Study on Threshold Current Density of Semiconductor Quantum Dot Laser

• Main Authors: I-Tso Lin, 林奕佐
• Other Authors: Tei-Chen Chen
• Format: Others
• Language: zh-TW
• Published: 2004
• Online Access: http://ndltd.ncl.edu.tw/handle/77073040459405139120

碩士 === 國立成功大學 === 機械工程學系碩博士班 === 92 === 　　The technology of quantum dot laser has attracted great attention recently due to its excellent properties of high temperature and the low threshold current density. Its applications include the header of read-write of the CD-ROM drive, infrared remote sensing the optical fiber and communication and so on. Due to significant progress in manufacturing technology of quantum dot layer structure, the size and uniformity of quantum dots have achieved great improvement. Consequently, development of high performance quantum-dot laser becomes possible. 　　Recently, the techniques of quantum-well laser with two-dimensional confinement have already well developed. In the near future, the quantum-dot laser with three-dimensional confinement certainly becomes the next focus of high technology in many countries. Theoretically, the effect of the temperature and characteristic temperature on the threshold current density of quantum-dot laser is very small.

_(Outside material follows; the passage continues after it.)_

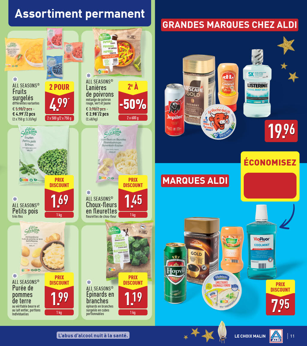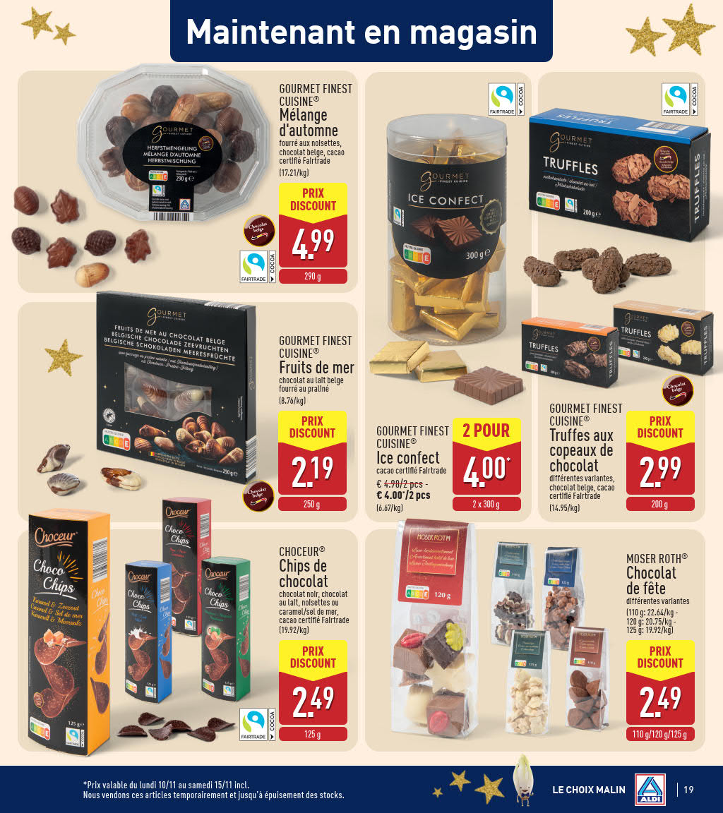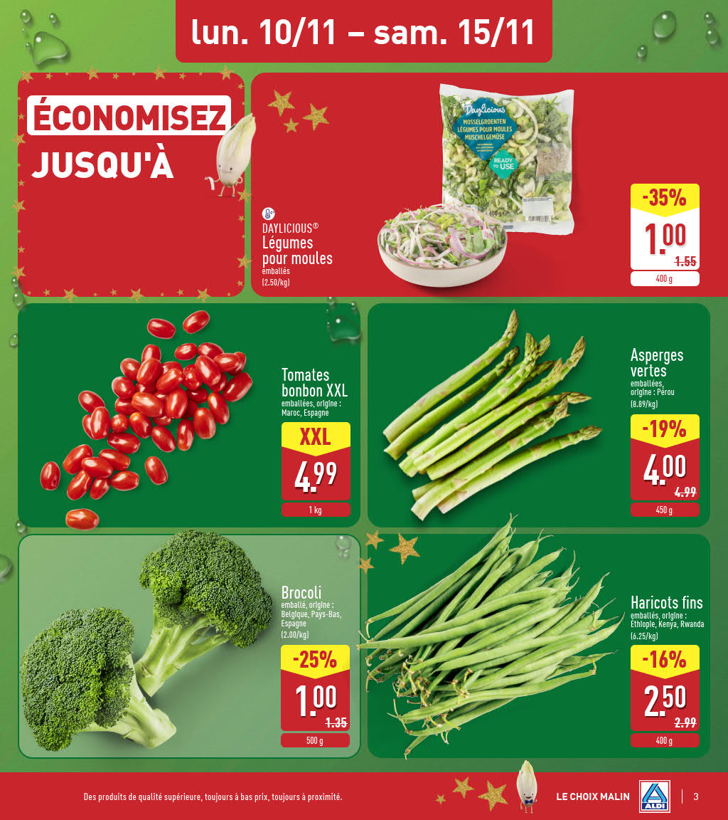 Vous êtes à la recherche de bonnes affaires et de réductions exceptionnelles? Ne cherchez plus loin que Aldi pour répondre à tous vos besoins en matière de shopping. Nos promotions et offres sont proposées à des prix incroyablement bas, et notre gamme de produits convient à tous les goûts et à tous les budgets. Consultez notre brochure de promotion valable du 10 novembre au 15 novembre, et explorez le catalogue pour créer votre liste de courses. Ne manquez pas nos offres hebdomadaires et nos offres exclusives et restez à jour avec les dernières offres et réductions chez Aldi.

However, at higher temperature, the carriers will easily by thermally exciting to the narrow region of optical confinement layer (OCL). In other words, it becomes more difficult to catch the carriers by the quantum dots. Consequently, the threshold current density of quantum dot will rise substantially. In this thesis,GaInAs and GaInAsP are selected as material of quantum dot and optical confinement layers, respectively. We focus on the state of equilibrium, non-equilibrium injections. The effects of the probability of electron and hole, the minimum of surface density, and the derivation in size and uniformity of quantum dot on the threshold current density are evaluated and discussed. The result show that on the state of non-equilibrium injections, we get 4~5 A/cm2 of threshold current density at 80K, and the relationship compare with the quantum dot laser of experiment.